The Final Rule required that a 11x17 poster be put up conspicuously where other notifications of employee rights or personnel policies are posted for employees to view. The poster also advises employees of "unfair labor practices" under the law, or actions by an employer that are in violation of the law. These include maintaining or enforcing rules that unlawfully limit the employees' rights under the NLRA, interrogating employees regarding union support or activities, and retaliating or discriminating against employees for engaging in protected activities, among others.
Prior to this new rule, employers were required to post notices regarding employee rights only as a remedy in cases where the employer was found to have violated the NLRA or had voluntarily settled allegations of such violations.
Originally, this new posting requirement was set to go into effect on November 14, 2011. On October 5, however, the NLRB postponed until January 31, 2012 the effective date of this requirement.
Originally proposed by a divided NLRB in December 2010, it was published as a Final Rule in the August 30 Federal Register (76 Fed. Reg. 54,006). The Final Rule has drawn heavy criticism by business groups and at least three legal challenges. The NLRB's October 5 announcement said the effective date of the notice posting rule was being pushed back "to allow for enhanced education and outreach to employers, particularly those who operate small and medium sized businesses."
The NLRB's decision will allow federal judges in Washington, D.C., and South Carolina additional time to consider legal challenges to the rule. The National Association of Manufacturers and the Coalition for a Democratic Workplace have filed a challenge in the U.S. District Court for the District of Columbia (National Association of Manufacturers v. NLRB, D.D.C., No. 11-cv-1629, and the National Right to Work Legal Defense and Education Foundation and the National Federation of Independent Business have filed another legal challenge (National Right to Work Legal Defense & Education Foundation Inc. v. NLRB, D.D.C., No. 11-1683). After the NLRB postponed the Rule's effective date, Judge Amy Berman Jackson consolidated the two lawsuits and has scheduled a December 19 hearing on the parties' challenges. The U.S. Chamber of Commerce and the South Carolina Chamber of Commerce have filed a third lawsuit challenging the NLRB rule (Chamber of Commerce of the United States v. NLRB, D.S.C., No. 11-2516). The Court in that matter has not set a schedule for consideration of that case.
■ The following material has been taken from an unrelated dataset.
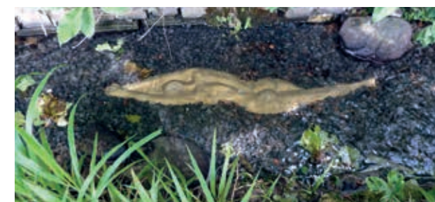
Shallow water poetry

For employers, there will be no financial consequences for a failure to post, as the NLRB's enforcement powers do not include the imposition of fines. However, the NLRB has indicated that it may view a failure to post as interference with employee rights resulting in an order, that it may view failure to post as evidence of unlawful intent when investigating allegations of other unfair labor practices, and that it may consider tolling the NLRA's six-month statute of limitations with regard to other violations on the grounds that the affected employees were not made aware of their rights as required.